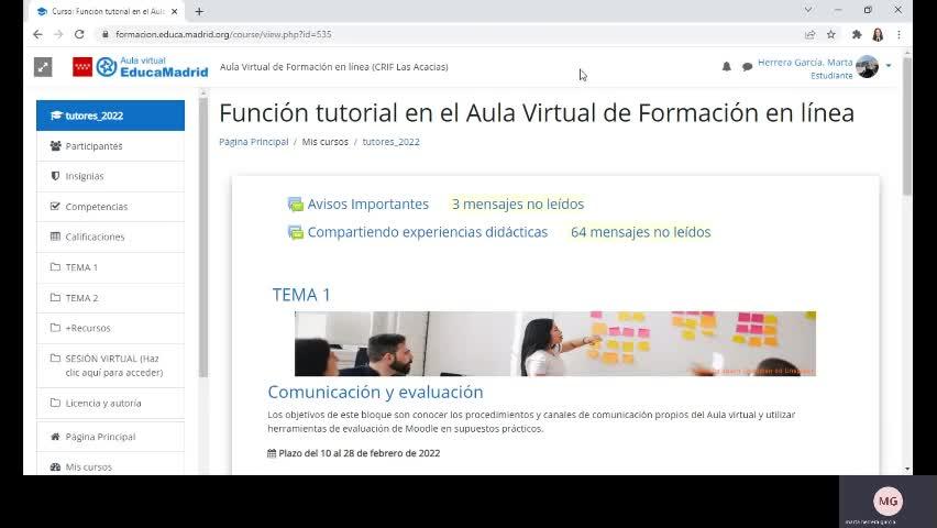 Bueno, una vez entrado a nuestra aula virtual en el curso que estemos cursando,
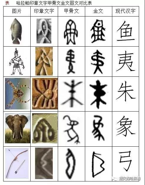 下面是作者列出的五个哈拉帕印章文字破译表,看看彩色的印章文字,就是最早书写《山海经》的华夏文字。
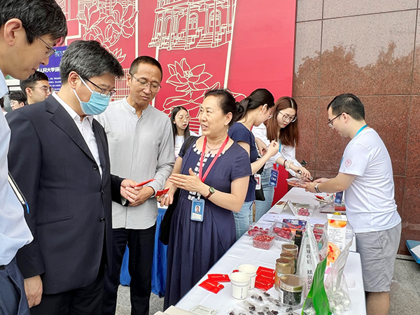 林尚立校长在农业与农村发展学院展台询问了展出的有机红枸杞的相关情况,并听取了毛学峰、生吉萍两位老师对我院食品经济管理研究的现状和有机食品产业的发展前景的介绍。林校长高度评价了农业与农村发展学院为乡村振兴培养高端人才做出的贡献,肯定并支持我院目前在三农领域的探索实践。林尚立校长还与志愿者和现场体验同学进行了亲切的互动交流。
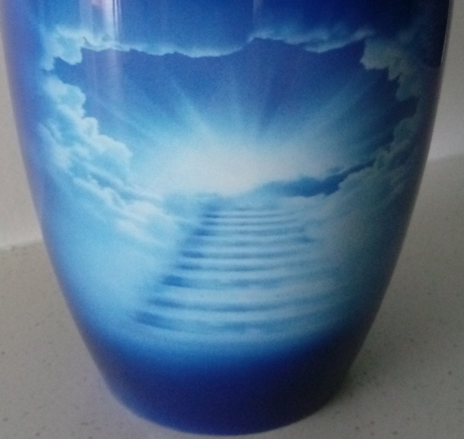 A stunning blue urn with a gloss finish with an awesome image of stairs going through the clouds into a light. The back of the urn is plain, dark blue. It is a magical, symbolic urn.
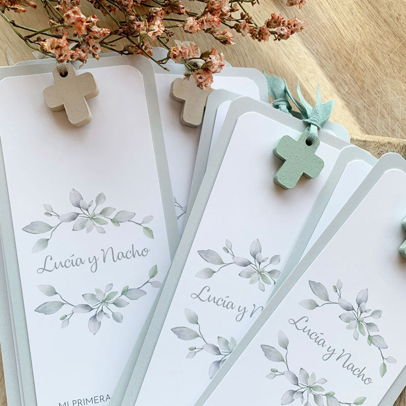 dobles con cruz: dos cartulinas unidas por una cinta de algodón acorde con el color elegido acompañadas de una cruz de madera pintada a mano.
==
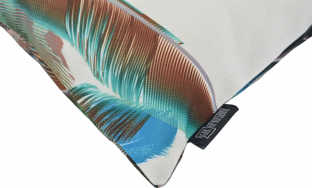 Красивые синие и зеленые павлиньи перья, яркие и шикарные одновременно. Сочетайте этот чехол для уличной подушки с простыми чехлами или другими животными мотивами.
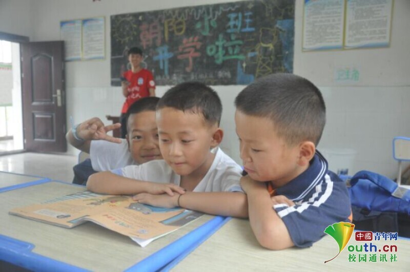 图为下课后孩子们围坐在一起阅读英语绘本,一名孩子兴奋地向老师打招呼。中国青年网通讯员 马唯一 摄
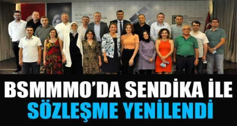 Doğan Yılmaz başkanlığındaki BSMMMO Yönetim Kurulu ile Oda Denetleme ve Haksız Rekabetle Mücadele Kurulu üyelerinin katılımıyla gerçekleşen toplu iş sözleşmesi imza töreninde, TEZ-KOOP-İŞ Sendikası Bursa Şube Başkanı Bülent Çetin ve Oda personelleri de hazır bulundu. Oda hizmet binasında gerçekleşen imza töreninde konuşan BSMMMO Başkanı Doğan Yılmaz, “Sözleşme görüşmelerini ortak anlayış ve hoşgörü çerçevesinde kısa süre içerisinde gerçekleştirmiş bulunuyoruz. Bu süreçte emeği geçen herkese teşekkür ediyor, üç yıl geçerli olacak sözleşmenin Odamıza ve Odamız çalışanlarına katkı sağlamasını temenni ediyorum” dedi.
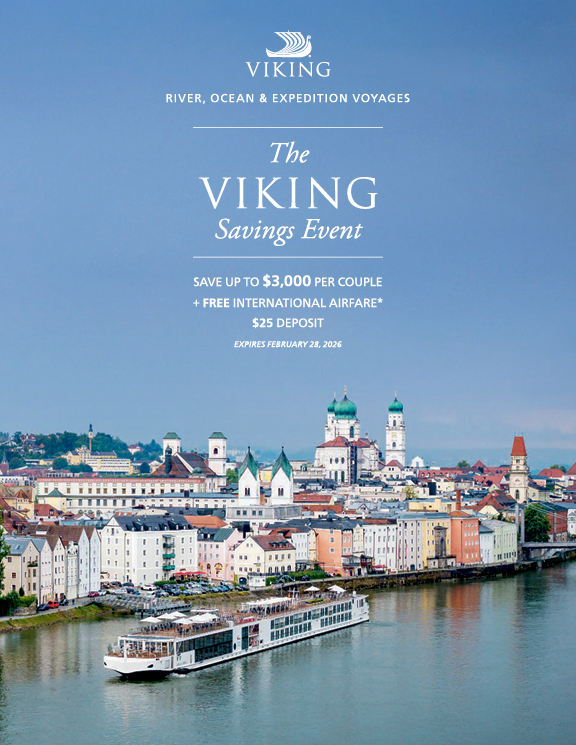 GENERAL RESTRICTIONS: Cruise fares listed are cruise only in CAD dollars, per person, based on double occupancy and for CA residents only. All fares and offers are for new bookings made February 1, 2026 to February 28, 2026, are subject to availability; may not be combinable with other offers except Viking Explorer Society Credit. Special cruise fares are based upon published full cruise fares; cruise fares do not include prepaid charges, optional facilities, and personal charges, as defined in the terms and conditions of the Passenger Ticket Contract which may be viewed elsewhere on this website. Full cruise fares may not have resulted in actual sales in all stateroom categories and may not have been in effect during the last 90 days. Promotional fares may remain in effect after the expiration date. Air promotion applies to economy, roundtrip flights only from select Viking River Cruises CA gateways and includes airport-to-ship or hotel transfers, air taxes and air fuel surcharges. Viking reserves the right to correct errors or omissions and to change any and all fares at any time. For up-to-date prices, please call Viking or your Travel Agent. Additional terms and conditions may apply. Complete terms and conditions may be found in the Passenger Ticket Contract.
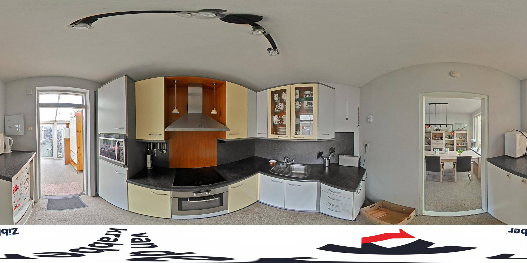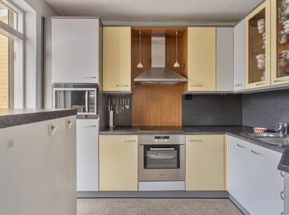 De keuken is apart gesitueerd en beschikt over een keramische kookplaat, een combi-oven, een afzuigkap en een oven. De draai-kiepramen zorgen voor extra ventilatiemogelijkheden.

▶ TASK DESCRIPTION:
Please transcribe exactly the part of the records that opens with the line containing "下面是作者列出的五个哈拉帕印" and closes with the line containing "dobles con cruz: dos", both ends included, and leave out the pictures.

▶ ANSWER SECTION:
 下面是作者列出的五个哈拉帕印章文字破译表,看看彩色的印章文字,就是最早书写《山海经》的华夏文字。
 林尚立校长在农业与农村发展学院展台询问了展出的有机红枸杞的相关情况,并听取了毛学峰、生吉萍两位老师对我院食品经济管理研究的现状和有机食品产业的发展前景的介绍。林校长高度评价了农业与农村发展学院为乡村振兴培养高端人才做出的贡献,肯定并支持我院目前在三农领域的探索实践。林尚立校长还与志愿者和现场体验同学进行了亲切的互动交流。
 A stunning blue urn with a gloss finish with an awesome image of stairs going through the clouds into a light. The back of the urn is plain, dark blue. It is a magical, symbolic urn.
 dobles con cruz: dos cartulinas unidas por una cinta de algodón acorde con el color elegido acompañadas de una cruz de madera pintada a mano.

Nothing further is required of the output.